I’m here for anything with an equine related metaphor - they’re difficult beasties to work with, but there’s nothing quite like the feeling of a perfect collected canter or trot passage or piaffe, except for a thought or emotion perfectly encapsulated on the page. Of my four horses I think Persistence is the easiest ride, Luck is always spooking and dropping a shoulder just before the fence…
I found this so encouraging, Emma, thank you. If someone like you has unpublished novels under your bed, then I'm proud to have several on my bedroom shelf. Your horses have made my writing task today seem less apocalyptic..
Such a great comment, Helen.
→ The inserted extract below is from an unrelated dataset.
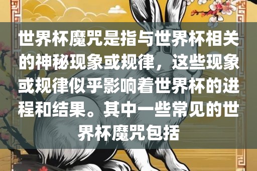 摘要:世界杯魔咒是指与世界杯相关的神秘现象或规律,它们似乎影响着世界杯的进程和结果。常见的世界杯魔咒包括诸如卫冕冠军魔咒、神秘力量魔咒等,这些现象引发了人们的广泛讨论和猜测。这些魔咒似乎为世界杯增添了一层神秘色彩,使得比赛更加引人入胜。

I feel the day is less apocalyptic too. I have had 12 books published, 2 re-published, and I also have 5 unpublished novels in my office cupboard. Two were written before my first novel was published and I felt that it had been such a waste of time and effort - but of course it wasn't - they helped me learn how to write a novel.
Most authors do have unpublished novels under their beds - and not a few writers whose debut is genuinely the first novel they ever actually wrote really struggle to keep their balance and once they're published, especially if it's a hit. Being published is profoundly weird and it changes your relationship to your writing for ever - it's just as well if you have some experience of keeping going.
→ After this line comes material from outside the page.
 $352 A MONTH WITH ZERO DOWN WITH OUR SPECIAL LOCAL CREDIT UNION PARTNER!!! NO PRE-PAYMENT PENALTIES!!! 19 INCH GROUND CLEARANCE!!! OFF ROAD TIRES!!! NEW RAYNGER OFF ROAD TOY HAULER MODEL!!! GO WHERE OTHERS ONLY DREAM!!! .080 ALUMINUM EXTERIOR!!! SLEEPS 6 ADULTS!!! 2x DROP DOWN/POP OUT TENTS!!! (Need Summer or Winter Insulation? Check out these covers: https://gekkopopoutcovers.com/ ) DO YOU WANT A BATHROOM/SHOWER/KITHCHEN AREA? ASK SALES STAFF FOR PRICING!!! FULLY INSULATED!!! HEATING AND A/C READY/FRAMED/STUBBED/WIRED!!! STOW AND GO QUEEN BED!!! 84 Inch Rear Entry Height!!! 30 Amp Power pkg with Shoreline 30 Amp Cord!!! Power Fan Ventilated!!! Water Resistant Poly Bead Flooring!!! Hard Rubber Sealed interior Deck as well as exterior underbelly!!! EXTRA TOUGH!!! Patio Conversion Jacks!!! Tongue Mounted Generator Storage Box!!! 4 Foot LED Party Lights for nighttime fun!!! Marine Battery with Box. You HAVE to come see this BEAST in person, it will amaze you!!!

Thanks Emma, kindred spirit, and Tally ho. I loved this post, feeling energized as I imagined my fellow writers checking and re-checking the condition of their team of horses while I do the same. The great thing is to be prepared for a miracle and to never give up.
Tally ho! I do think it's energising for most of us to realise that there's an innate energy in all of these: talent wants to be used, hard work is satisfying in the short term, and persistence in the longer term. And I don't think that you can always make your own luck - but I do think it's a smaller component than it sometimes seems. What looks like luck is so often only that because, as you say, the writer was prepared for it to happen.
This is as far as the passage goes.